As the chip is to be used in different parts of the world under different different temperatures. So, where the temperature is high the cell delay increases so they behave slow whereas where the temperature is low they behave fast. So timing library are categorized based on operating temperatures.
When we open sky130_fd_sc_hd__tt_25c_1v80.lib , on the very first line the name of the library appears. It also contains technolgy which is CMOS. A typical snap shot of top lines is shown below:
There are many cells in this library out of which and2 cell is shown in below figure. Here you can see that it is of 2 pin AND gate. And for these 2 inputs there are four combinations possible and for each combination leakage power is given here. Along with this area and total leakage power of the cell are also given as highlighted in yellow in belwo figure.

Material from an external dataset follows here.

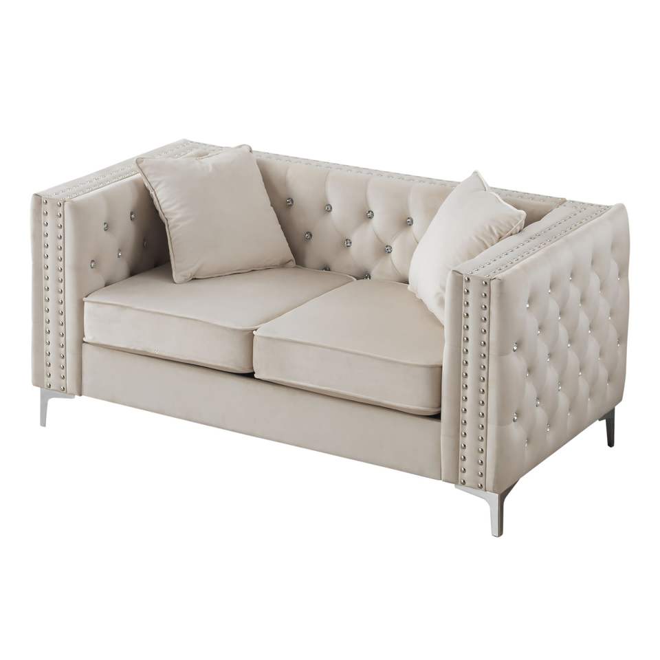 Glory Furniture Paige G827A-L Ivory Loveseat Stylish European Tufted Fabric Sofa for Living Room Apartment Hotel Workshop Gym

This .lib also conatains multiple versions of the same cell based on the strength e.g above 2 input AND gate has two more versions as shown in below figure. Here "and2_0" , "and2_2" and "and2_4" comparison is shown. It can be seen that as we move from left "and2_0" to right "and2_4" the cell area and leakage power both are increasing that means the speed of the cell is increasing. It means "and2_0" is slowest and "and2_4" is fastest with minimum delay but at the cost of large area and power.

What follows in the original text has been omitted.